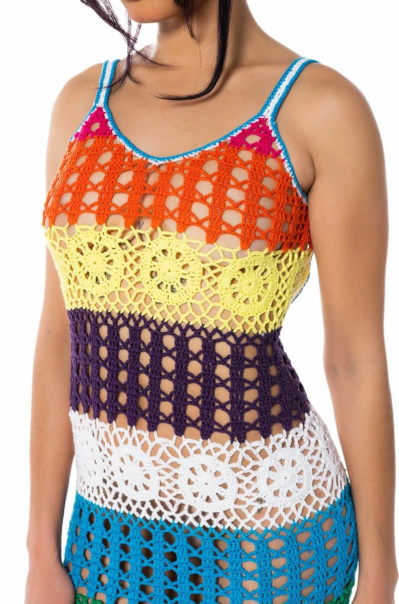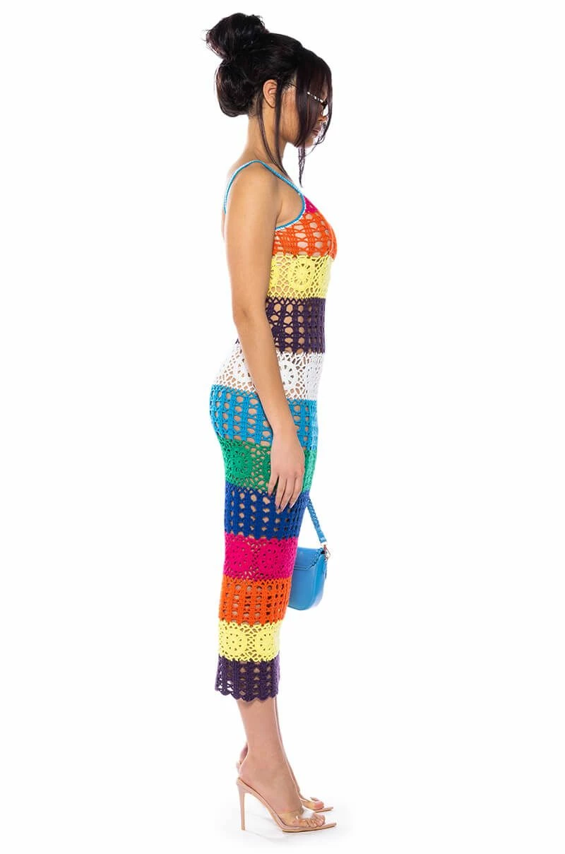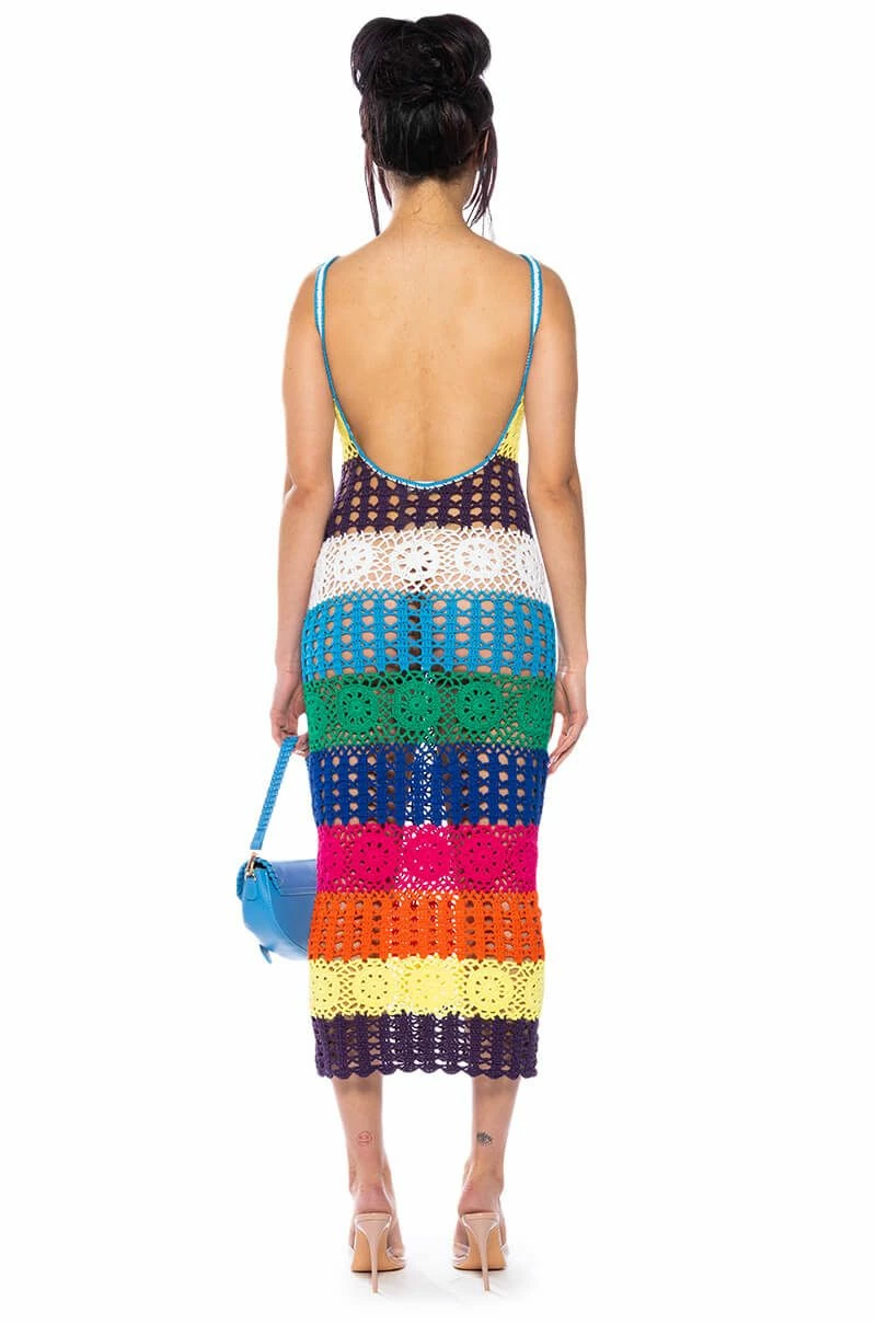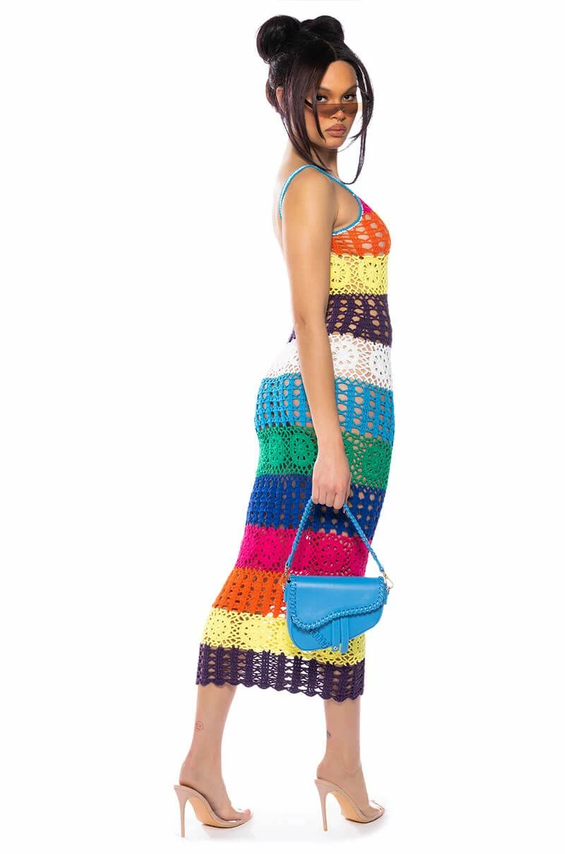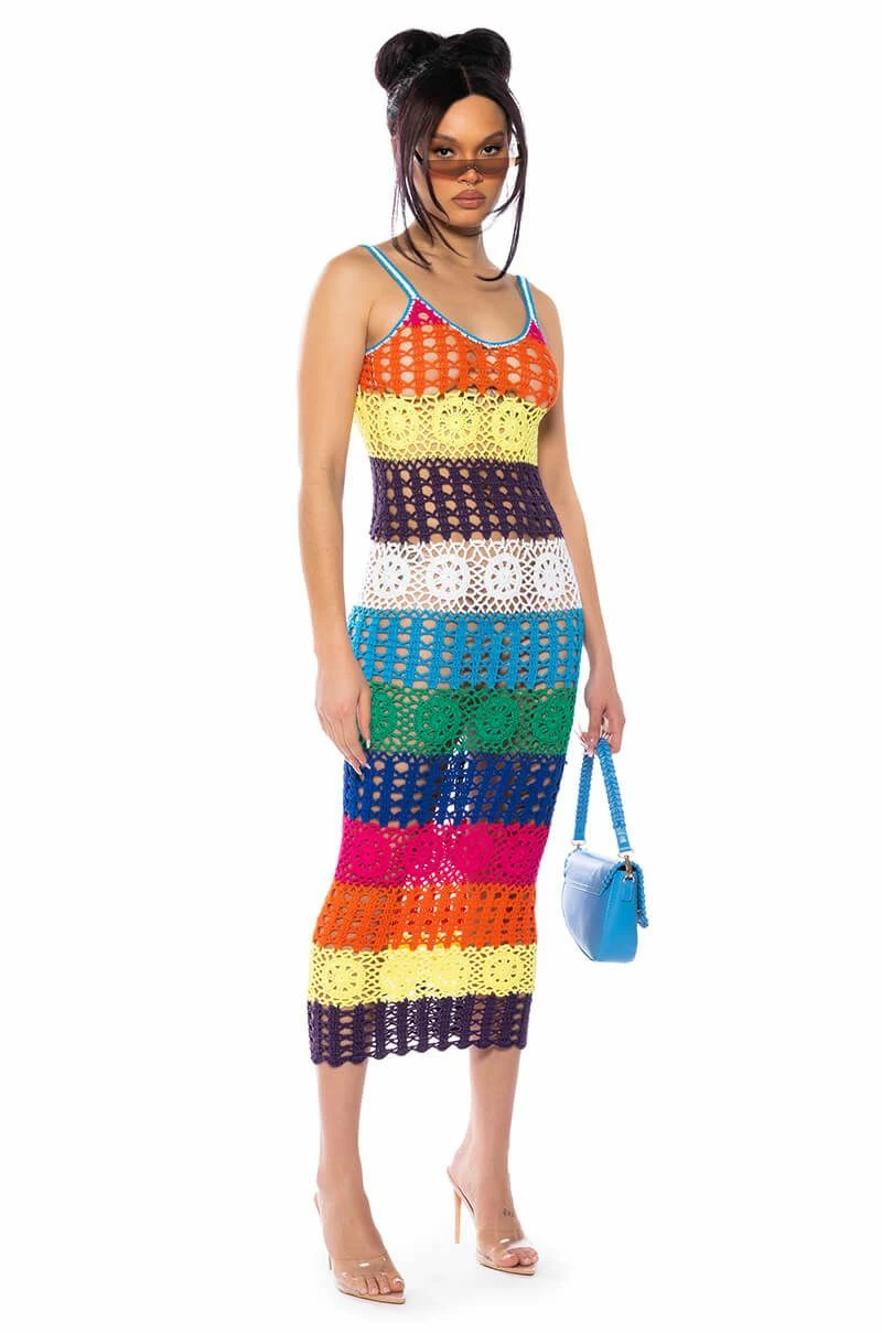 The AKIRA Label Sunkissed Goddess Low Back Knit Maxi Dress is made from an unlined knit fabrication and features rainbow color paneling, slim tank straps, a V neckline, a sexy low back, a maxi length silhouette, a scalloped hem, and a pull-on fit. Wear this piece over bodysuits or bathing suits to show off your cute layered look!
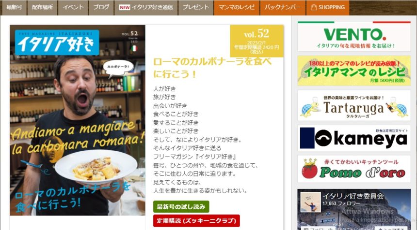 ちょっと通なイタリア好きの方ならご存じの、ちょっと通なイタリア料理や雑貨を扱っているお店なら置いてある、そんなフリーマガジン、イタリア好き。
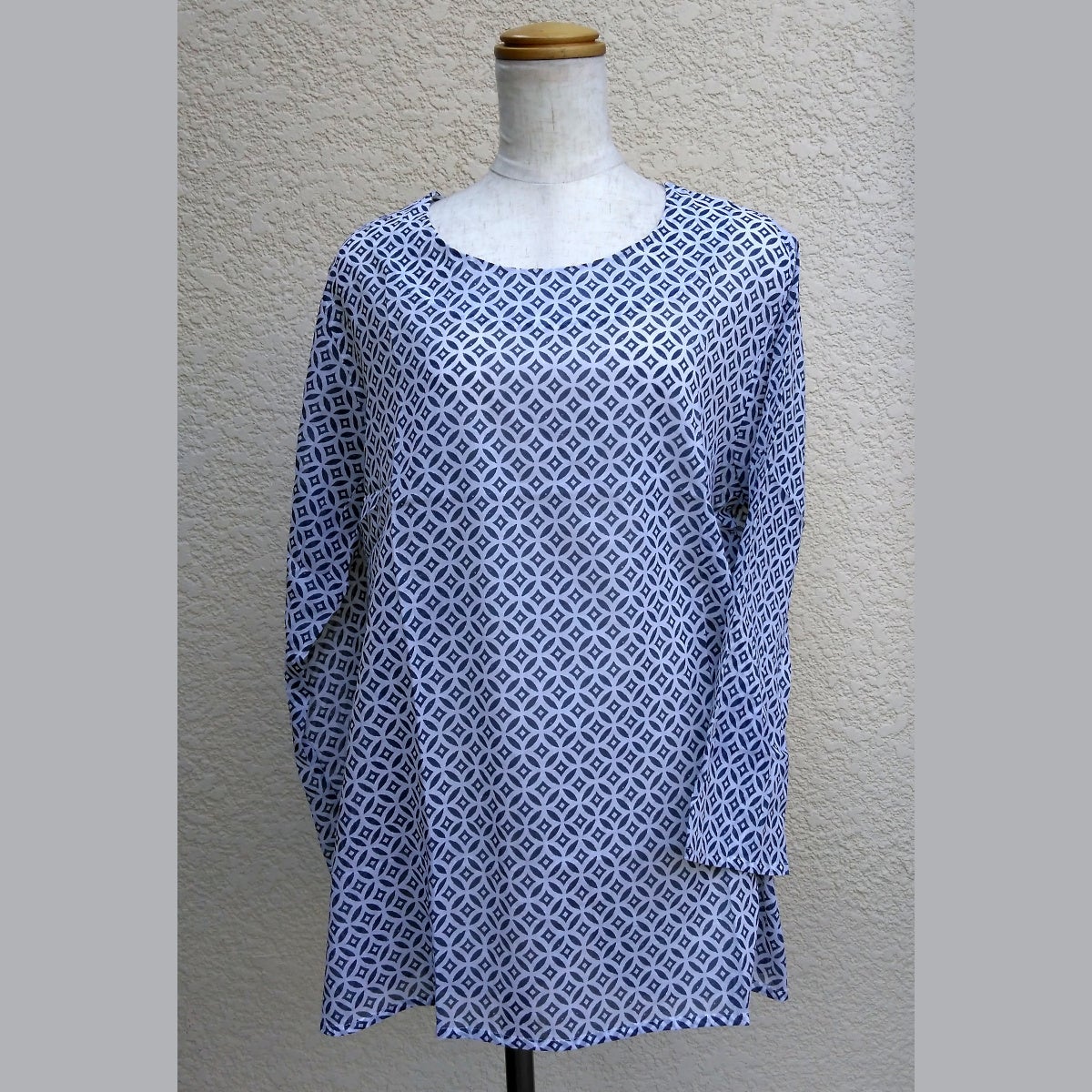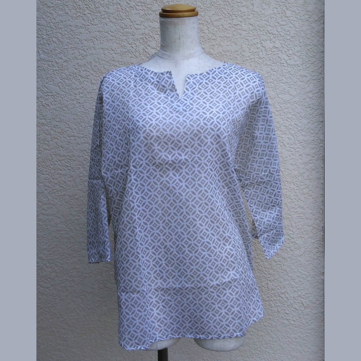 柄は味わいのある、ブロックプリント。現地の担当者の名前を取ってDevikaPrintと呼んでいます。
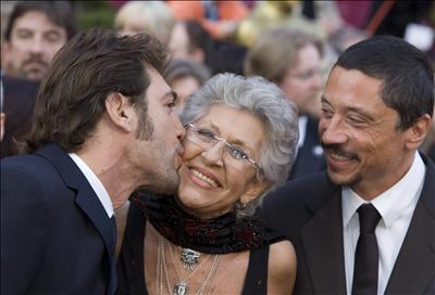 El actor español Javier Bardem (I), nominado en la categoría de Mejor Actor Secundario por la cinta 'No Country For Old Men' (No es un país para viejos), besa a su madre, Pilar Bardem (C).
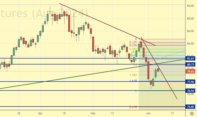 Сценарий роста: рассматриваем июльский фьючерс, дата экспирации 20 июня. Теперь покупки имеют смысл после роста выше 80.00.
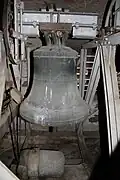 Der mittelalterliche Chorturm beherbergte ursprünglich die Glocken. Die älteste Glocke datiert aus vorreformatorischer Zeit. Die Firma Rincker goss 1803 eine Glocke, die 1870 zersprang und neu gegossen wurde. Dasselbe Schicksal widerfuhr ihr 1892/1893. Sie wurde im Ersten Weltkrieg an die Rüstungsindustrie abgeliefert und eingeschmolzen. Rincker goss nach dem Zweiten Weltkrieg zwei neue Glocken, die wie die alte Glocke im neuen Westturm aufgehängt wurden.[8] Das Dreiergeläut erklingt im Gloria-Motiv.[11] Der Glockensachverständige der Rheinischen Kirche empfahl 2019 in einer gutachterlichen Stellungnahme die historische Glocke weitgehend zu schonen. Daraufhin beschloss das Presbyterium die Anschaffung einer neuen Glocke als Ersatz.

- **Try it**
Please restate, word for word, the lines from the one with "柄は味わいのある、ブロックプ" through the final line of the material, both included, and omit the pictures.

- **Response**
 柄は味わいのある、ブロックプリント。現地の担当者の名前を取ってDevikaPrintと呼んでいます。
 El actor español Javier Bardem (I), nominado en la categoría de Mejor Actor Secundario por la cinta 'No Country For Old Men' (No es un país para viejos), besa a su madre, Pilar Bardem (C).
 Сценарий роста: рассматриваем июльский фьючерс, дата экспирации 20 июня. Теперь покупки имеют смысл после роста выше 80.00.
 Der mittelalterliche Chorturm beherbergte ursprünglich die Glocken. Die älteste Glocke datiert aus vorreformatorischer Zeit. Die Firma Rincker goss 1803 eine Glocke, die 1870 zersprang und neu gegossen wurde. Dasselbe Schicksal widerfuhr ihr 1892/1893. Sie wurde im Ersten Weltkrieg an die Rüstungsindustrie abgeliefert und eingeschmolzen. Rincker goss nach dem Zweiten Weltkrieg zwei neue Glocken, die wie die alte Glocke im neuen Westturm aufgehängt wurden.[8] Das Dreiergeläut erklingt im Gloria-Motiv.[11] Der Glockensachverständige der Rheinischen Kirche empfahl 2019 in einer gutachterlichen Stellungnahme die historische Glocke weitgehend zu schonen. Daraufhin beschloss das Presbyterium die Anschaffung einer neuen Glocke als Ersatz.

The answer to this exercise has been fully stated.